Exactly as they stand, copy the lines from the one containing "High on the" to the final line of the data; leave out the pictures.

Given information
- - - -
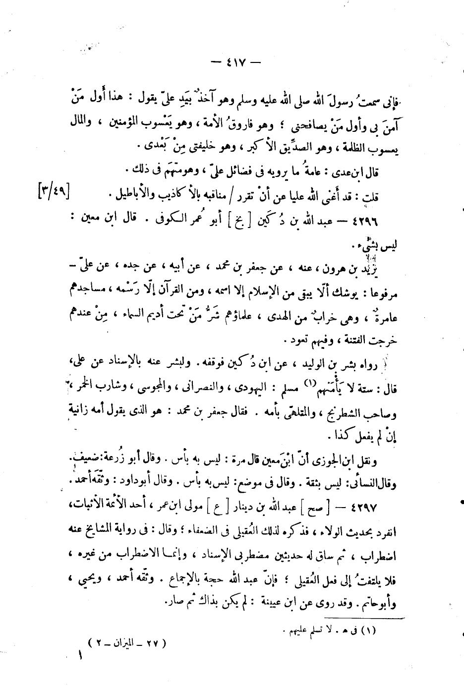 4297 -[صح] عبد الله بن دينار [ع] مولى ابن عمر، أحد الائمة الاثبات، انفرد بحديث الولاء، فذكره لذلك العقيلي في الضعفاء، وقال: في رواية المشايخ عنه
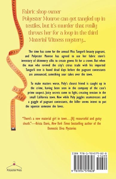 Fabric shop owner Polyester Monroe can get tangled up in textiles, but it's murder that really throws her for a loop in the third Material Witness mystery... The time has come for the annual Miss Tangorli beauty pageant, and Polyester Monroe has agreed to use her fabric store's inventory of shimmery silks to create gowns fit for a crown. But when the man who revived the city's citrus trade with his imported Tangorli tree is found dead days before the pageant contestants are announced, something sour takes over the town. ¿To make matters worse, Poly's closest friend is caught up in the crime, having been seen in the company of the case's prime suspect. Juicy secrets come to light, creating tension in the small California town. Now while Poly juggles seamstresses and a gaggle of pageant contestants, the killer seems intent to put the squeeze someone she loves.
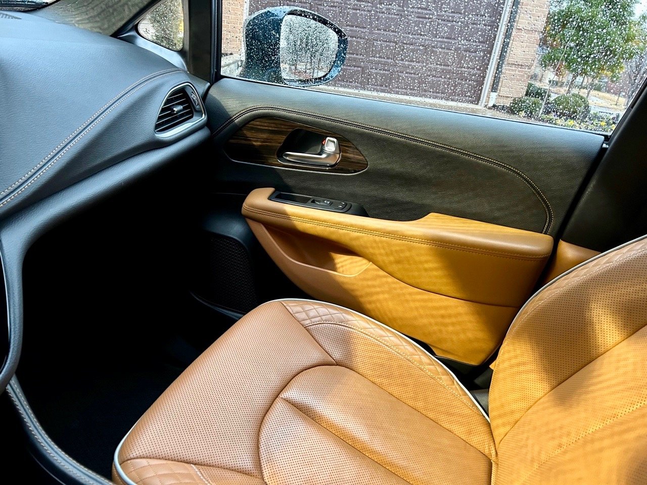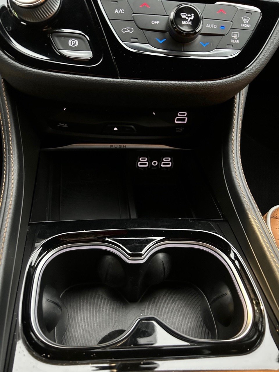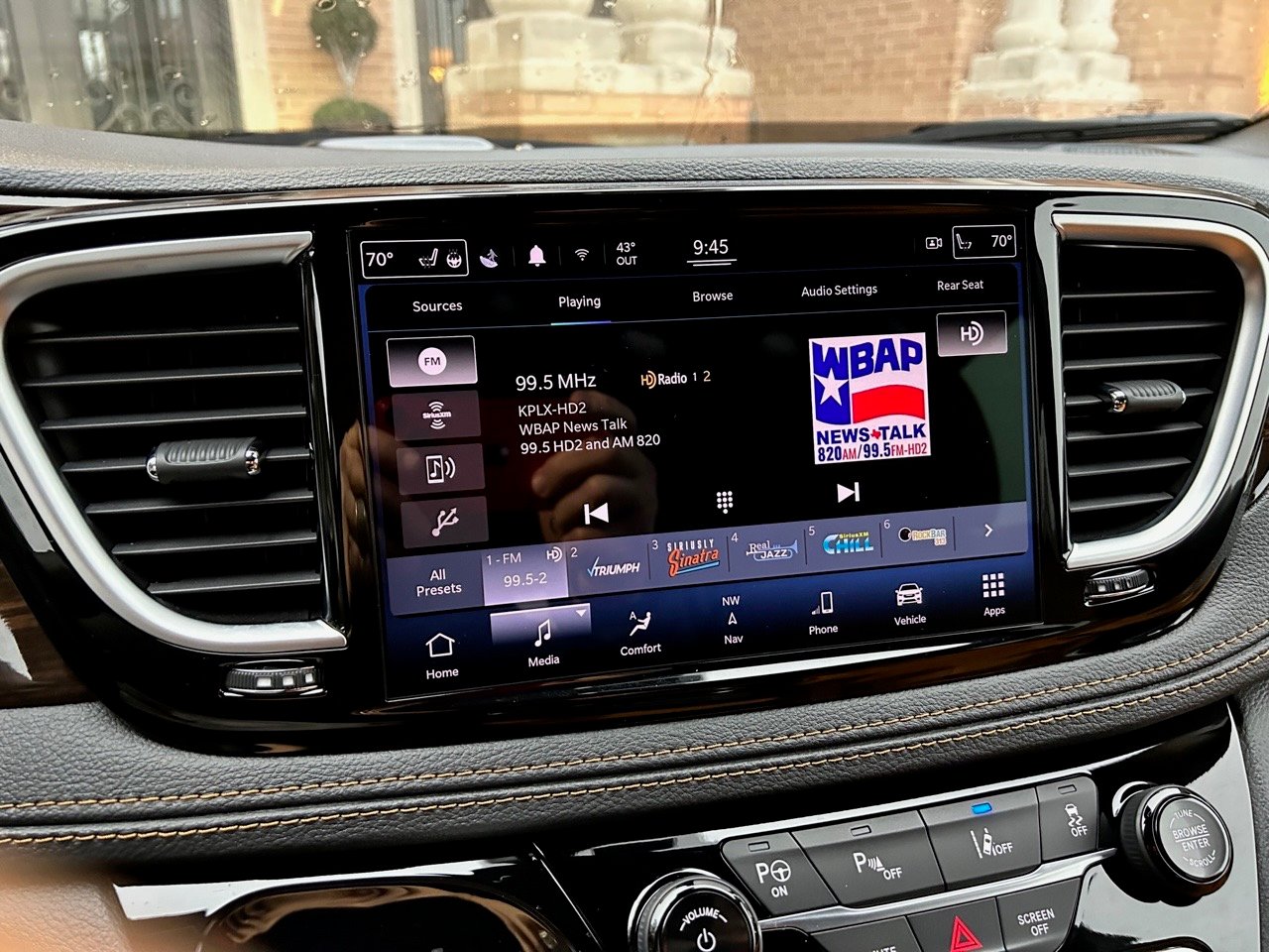 High on the center stack is the terrific 10.1” Uconnect 5 navigation screen. It operates the 20-speaker Harmon Kardon sound system, the nav, the Bluetooth, Apple CarPlay and Android Auto and check out the Fam Cam that checks on rear occupants. There are a host of apps that provide real-time information. Below the screen are controls for the parking systems and the air conditioning systems.
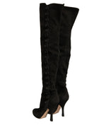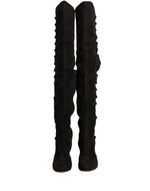 Dolce & Gabbana Black Suede Heels Knee High Boots Shoes
- - - -
Output below
 High on the center stack is the terrific 10.1” Uconnect 5 navigation screen. It operates the 20-speaker Harmon Kardon sound system, the nav, the Bluetooth, Apple CarPlay and Android Auto and check out the Fam Cam that checks on rear occupants. There are a host of apps that provide real-time information. Below the screen are controls for the parking systems and the air conditioning systems.
 Dolce & Gabbana Black Suede Heels Knee High Boots Shoes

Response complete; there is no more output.